Od kilku lat prowadzisz własny biznes. Powiedz, jak to wszystko się zaczęło?
Już przy wyborze szkoły średniej chciałam zostać kosmetyczką, jednak rodzice wysłali mnie do szkoły poligraficznej, która miała zapewnić pewny i stabilny zawód. Następnie skończyłam szkołę marketingu i reklamy. Po przyjeździe do UK zaczynałam, jak większość dziewczyn bez znajomości języka – sprzątając. Jest to bardzo ciężka i wymagająca praca. Uświadomiłam sobie, że jeżeli nie zmienię niczego, to za kilkanaście lat po prostu nie będę miała siły i zdrowia, żeby kontynuować tę pracę. Dlatego zdecydowałam się wszystkie pieniądze inwestować w swój rozwój, czyli szkolenia kosmetyczne. I tak stopniowo zaczęłam zmieniać sprzątanie we własny biznes.
Czemu właśnie kosmetologia?
Po pierwsze, ja po prostu uwielbiam to, co robię, jest to moja pasja. A po drugie, daje mi to możliwość poznawania nowych osób.
Co daje Ci największą satysfakcję z Twojej pracy?
Zacznę od miejsca pracy. Mój salon stworzyłam dokładnie według swoich upodobań, jest to miejsce, które mogę określić jako spełnienie marzeń. Oprócz tego zgrany personel, który pozwala na stworzenie przyjemnej atmosfery. Mam to szczęście, że trafiłam na bardzo dobre osoby, które współpracują ze mną od kilku lat. Jako kosmetolodzy nie tylko świadczymy usługi, ale często jesteśmy jak terapeuci dla naszych klientów. Zależy mi, żeby nasze klientki czuły się u nas dobrze. Wiele razy miałyśmy sytuacje, kiedy klientki przychodziły jedynie porozmawiać bądź się przytulić w ciężkich chwilach.
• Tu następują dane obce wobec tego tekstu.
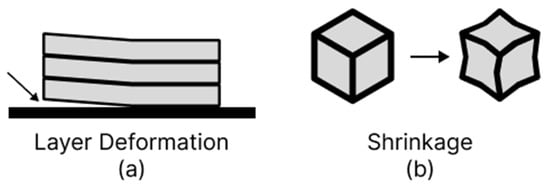 First, thermal variations and the accumulation of residual thermal stress are widely reported as the primary causes of geometric errors. Printed materials tend to shrink during the cooling process, and interlayer temperature gradients can result in asymmetric thermal stress []. These stresses may cause overall warping, localized lifting, or tilting of the print, potentially leading to collisions with the recoater or print failures []. Although the severity of these effects varies with process and material, they are commonly observed across AM technologies. For example, in material extrusion (ME) processes such as fused deposition modeling (FDM), warping may occur due to filament shrinkage upon cooling []. In powder bed fusion (PBF) processes like selective laser melting (SLM) and electron beam melting (EBM), rapid heating and cooling can create steep thermal gradients, resulting in high residual stress []. These thermal effects often lead to geometric distortions such as warping or shrinkage. These geometric accuracy concerns tend to be more stringent in medical applications due to patient-specific requirements, whereas industrial contexts may prioritize repeatability and structural performance. Figure 4 illustrates (a) a schematic of layer deformation caused by thermal stress and (b) a simplified shrinkage model comparing the designed geometry to the printed output.

W Twoim salonie panuje wspaniała atmosfera, a klientki jakby się znały. Co według Ciebie miało największy wpływ na zbudowanie tej profesjonalno- -przyjacielskiej więzi?
Nawiążę do moich wcześniejszych odpowiedzi: pozytywne nastawienie, wzajemny szacunek i przede wszystkim traktowanie klienta/pracownika jak przyjaciela. Jedna z moich pracownic, Kinga, jest również moją przyjaciółką w życiu prywatnym. Także poprzez profesjonalne podejście sprawiamy, że klientki wracają do nas już od wielu lat, co pozwala na bliższe poznanie.
Cały czas poszerzasz dostępne u Ciebie usługi, szkoląc siebie i pracowników. Opowiedz proszę, co możesz zaproponować swoim klientkom?
Uważam, że doświadczenie i ciągłe rozszerzanie swoich kompetencji jest najważniejsze w zapewnianiu naszym klientkom usług wysokiej jakości. W moim salonie można wykonać mnóstwo zabiegów, od zabiegów na twarz, poprzez woskowanie, masaże, spa dla rąk i nóg po microblanding, czyli trwały makijaż brwi czy opalanie natryskowe lub modelowanie ciała.
Jesteś żoną oraz mamą dwóch wspaniałych córek. Kobieta zazwyczaj jest osobą, która dba o harmonię ogniska domowego. Czy ciężko jest połączyć biznes z obowiązkami domowymi?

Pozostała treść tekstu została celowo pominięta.